* [PROBLEM]
Give a verbatim copy of the lines below, minus the pictures.

* [EXERCISE INPUTS]

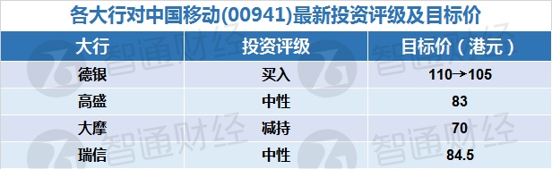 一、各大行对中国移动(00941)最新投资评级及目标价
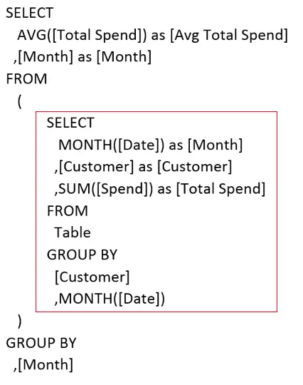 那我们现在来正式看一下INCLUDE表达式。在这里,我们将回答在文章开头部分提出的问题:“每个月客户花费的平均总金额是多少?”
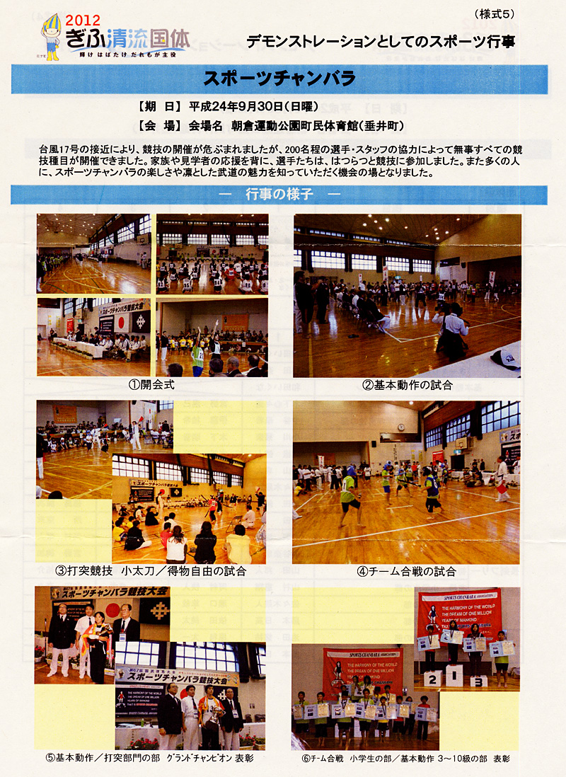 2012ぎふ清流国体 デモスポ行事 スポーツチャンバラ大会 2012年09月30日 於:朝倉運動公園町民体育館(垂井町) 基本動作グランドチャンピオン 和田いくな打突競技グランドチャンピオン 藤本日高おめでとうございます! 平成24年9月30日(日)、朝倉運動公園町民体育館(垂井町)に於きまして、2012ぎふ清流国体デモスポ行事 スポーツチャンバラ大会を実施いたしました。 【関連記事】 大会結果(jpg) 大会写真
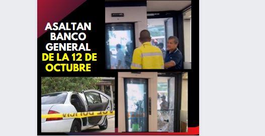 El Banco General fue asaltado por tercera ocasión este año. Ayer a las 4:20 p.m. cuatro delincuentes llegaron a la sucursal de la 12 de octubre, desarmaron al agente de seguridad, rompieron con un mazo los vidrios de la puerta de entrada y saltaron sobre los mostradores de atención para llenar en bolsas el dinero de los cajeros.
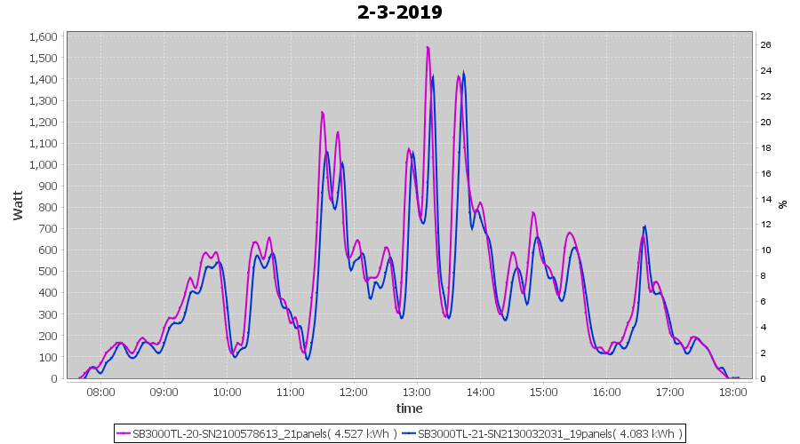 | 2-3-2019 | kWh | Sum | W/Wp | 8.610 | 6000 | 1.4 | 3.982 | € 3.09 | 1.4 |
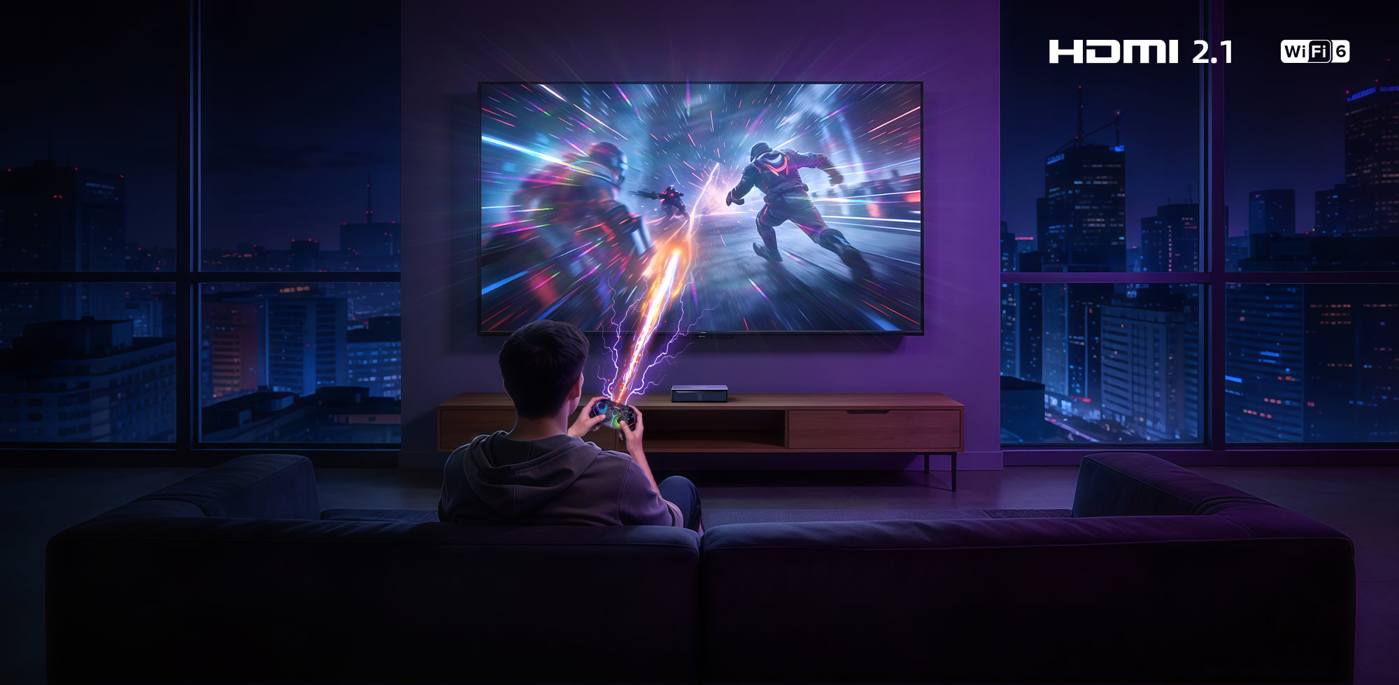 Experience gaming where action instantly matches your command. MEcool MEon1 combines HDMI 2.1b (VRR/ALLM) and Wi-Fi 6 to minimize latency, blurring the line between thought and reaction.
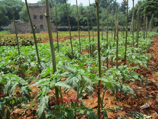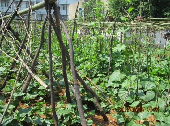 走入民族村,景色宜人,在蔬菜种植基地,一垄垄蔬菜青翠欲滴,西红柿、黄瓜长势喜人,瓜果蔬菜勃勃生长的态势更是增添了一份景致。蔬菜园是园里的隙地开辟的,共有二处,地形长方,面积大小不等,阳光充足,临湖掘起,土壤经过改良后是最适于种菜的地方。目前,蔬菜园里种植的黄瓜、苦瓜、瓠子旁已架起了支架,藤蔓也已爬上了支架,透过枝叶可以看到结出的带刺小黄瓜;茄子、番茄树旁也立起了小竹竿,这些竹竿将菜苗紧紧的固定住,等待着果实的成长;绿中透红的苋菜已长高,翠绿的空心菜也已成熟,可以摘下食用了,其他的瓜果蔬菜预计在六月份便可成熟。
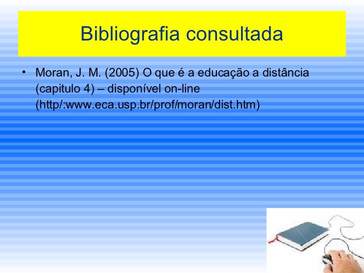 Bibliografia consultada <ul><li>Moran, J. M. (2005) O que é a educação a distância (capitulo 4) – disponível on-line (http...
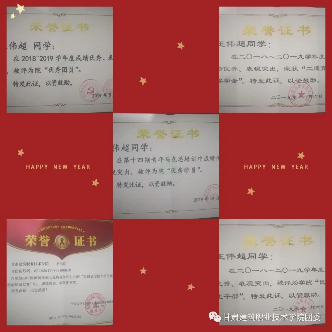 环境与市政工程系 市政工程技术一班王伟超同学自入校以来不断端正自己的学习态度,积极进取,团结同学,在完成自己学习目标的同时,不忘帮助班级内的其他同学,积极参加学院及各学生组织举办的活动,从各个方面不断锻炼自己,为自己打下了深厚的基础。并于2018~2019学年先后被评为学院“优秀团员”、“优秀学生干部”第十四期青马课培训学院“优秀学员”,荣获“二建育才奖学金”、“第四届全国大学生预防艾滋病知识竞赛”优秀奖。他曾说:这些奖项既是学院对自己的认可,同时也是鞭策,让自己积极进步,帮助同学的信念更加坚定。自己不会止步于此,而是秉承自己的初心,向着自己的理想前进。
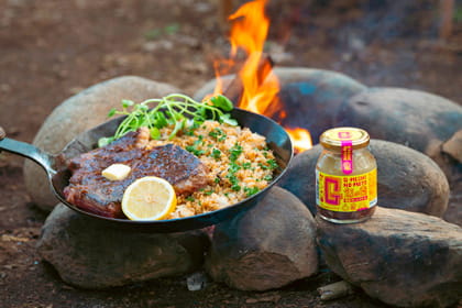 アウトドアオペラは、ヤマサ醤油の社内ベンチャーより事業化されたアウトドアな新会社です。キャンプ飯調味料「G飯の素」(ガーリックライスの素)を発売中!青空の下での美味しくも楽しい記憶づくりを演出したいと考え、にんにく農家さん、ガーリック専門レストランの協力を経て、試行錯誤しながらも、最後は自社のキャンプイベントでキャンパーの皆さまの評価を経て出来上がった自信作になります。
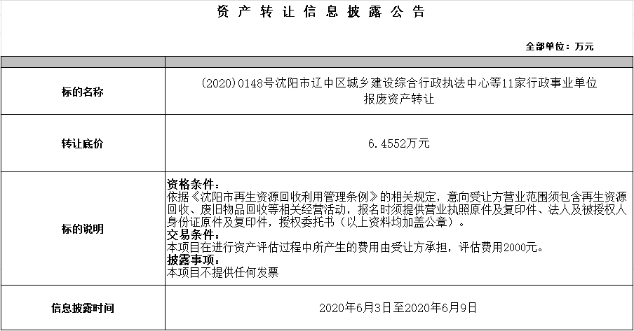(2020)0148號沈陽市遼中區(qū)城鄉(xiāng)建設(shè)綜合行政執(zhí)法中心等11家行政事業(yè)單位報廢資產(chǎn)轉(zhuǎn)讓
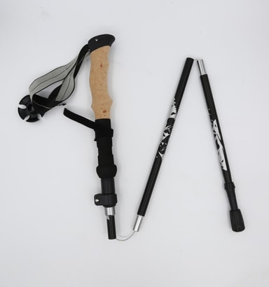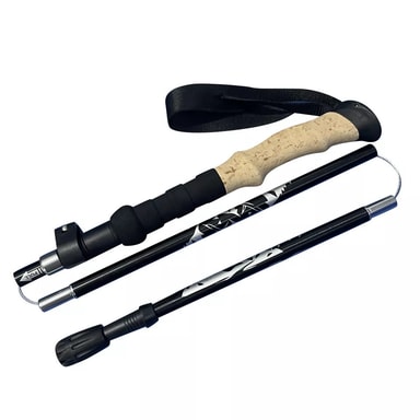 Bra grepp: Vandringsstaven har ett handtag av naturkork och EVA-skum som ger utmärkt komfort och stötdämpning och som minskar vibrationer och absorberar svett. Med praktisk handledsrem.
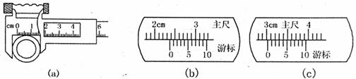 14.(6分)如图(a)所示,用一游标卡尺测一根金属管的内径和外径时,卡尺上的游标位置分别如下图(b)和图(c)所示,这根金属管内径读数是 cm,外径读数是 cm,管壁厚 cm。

* [TASK RESPONSE]
 一、各大行对中国移动(00941)最新投资评级及目标价
 那我们现在来正式看一下INCLUDE表达式。在这里,我们将回答在文章开头部分提出的问题:“每个月客户花费的平均总金额是多少?”
 2012ぎふ清流国体 デモスポ行事 スポーツチャンバラ大会 2012年09月30日 於:朝倉運動公園町民体育館(垂井町) 基本動作グランドチャンピオン 和田いくな打突競技グランドチャンピオン 藤本日高おめでとうございます! 平成24年9月30日(日)、朝倉運動公園町民体育館(垂井町)に於きまして、2012ぎふ清流国体デモスポ行事 スポーツチャンバラ大会を実施いたしました。 【関連記事】 大会結果(jpg) 大会写真
 El Banco General fue asaltado por tercera ocasión este año. Ayer a las 4:20 p.m. cuatro delincuentes llegaron a la sucursal de la 12 de octubre, desarmaron al agente de seguridad, rompieron con un mazo los vidrios de la puerta de entrada y saltaron sobre los mostradores de atención para llenar en bolsas el dinero de los cajeros.
 | 2-3-2019 | kWh | Sum | W/Wp | 8.610 | 6000 | 1.4 | 3.982 | € 3.09 | 1.4 |
 Experience gaming where action instantly matches your command. MEcool MEon1 combines HDMI 2.1b (VRR/ALLM) and Wi-Fi 6 to minimize latency, blurring the line between thought and reaction.
 走入民族村,景色宜人,在蔬菜种植基地,一垄垄蔬菜青翠欲滴,西红柿、黄瓜长势喜人,瓜果蔬菜勃勃生长的态势更是增添了一份景致。蔬菜园是园里的隙地开辟的,共有二处,地形长方,面积大小不等,阳光充足,临湖掘起,土壤经过改良后是最适于种菜的地方。目前,蔬菜园里种植的黄瓜、苦瓜、瓠子旁已架起了支架,藤蔓也已爬上了支架,透过枝叶可以看到结出的带刺小黄瓜;茄子、番茄树旁也立起了小竹竿,这些竹竿将菜苗紧紧的固定住,等待着果实的成长;绿中透红的苋菜已长高,翠绿的空心菜也已成熟,可以摘下食用了,其他的瓜果蔬菜预计在六月份便可成熟。
 Bibliografia consultada <ul><li>Moran, J. M. (2005) O que é a educação a distância (capitulo 4) – disponível on-line (http...
 环境与市政工程系 市政工程技术一班王伟超同学自入校以来不断端正自己的学习态度,积极进取,团结同学,在完成自己学习目标的同时,不忘帮助班级内的其他同学,积极参加学院及各学生组织举办的活动,从各个方面不断锻炼自己,为自己打下了深厚的基础。并于2018~2019学年先后被评为学院“优秀团员”、“优秀学生干部”第十四期青马课培训学院“优秀学员”,荣获“二建育才奖学金”、“第四届全国大学生预防艾滋病知识竞赛”优秀奖。他曾说:这些奖项既是学院对自己的认可,同时也是鞭策,让自己积极进步,帮助同学的信念更加坚定。自己不会止步于此,而是秉承自己的初心,向着自己的理想前进。
 アウトドアオペラは、ヤマサ醤油の社内ベンチャーより事業化されたアウトドアな新会社です。キャンプ飯調味料「G飯の素」(ガーリックライスの素)を発売中!青空の下での美味しくも楽しい記憶づくりを演出したいと考え、にんにく農家さん、ガーリック専門レストランの協力を経て、試行錯誤しながらも、最後は自社のキャンプイベントでキャンパーの皆さまの評価を経て出来上がった自信作になります。
(2020)0148號沈陽市遼中區(qū)城鄉(xiāng)建設(shè)綜合行政執(zhí)法中心等11家行政事業(yè)單位報廢資產(chǎn)轉(zhuǎn)讓
 Bra grepp: Vandringsstaven har ett handtag av naturkork och EVA-skum som ger utmärkt komfort och stötdämpning och som minskar vibrationer och absorberar svett. Med praktisk handledsrem.
 14.(6分)如图(a)所示,用一游标卡尺测一根金属管的内径和外径时,卡尺上的游标位置分别如下图(b)和图(c)所示,这根金属管内径读数是 cm,外径读数是 cm,管壁厚 cm。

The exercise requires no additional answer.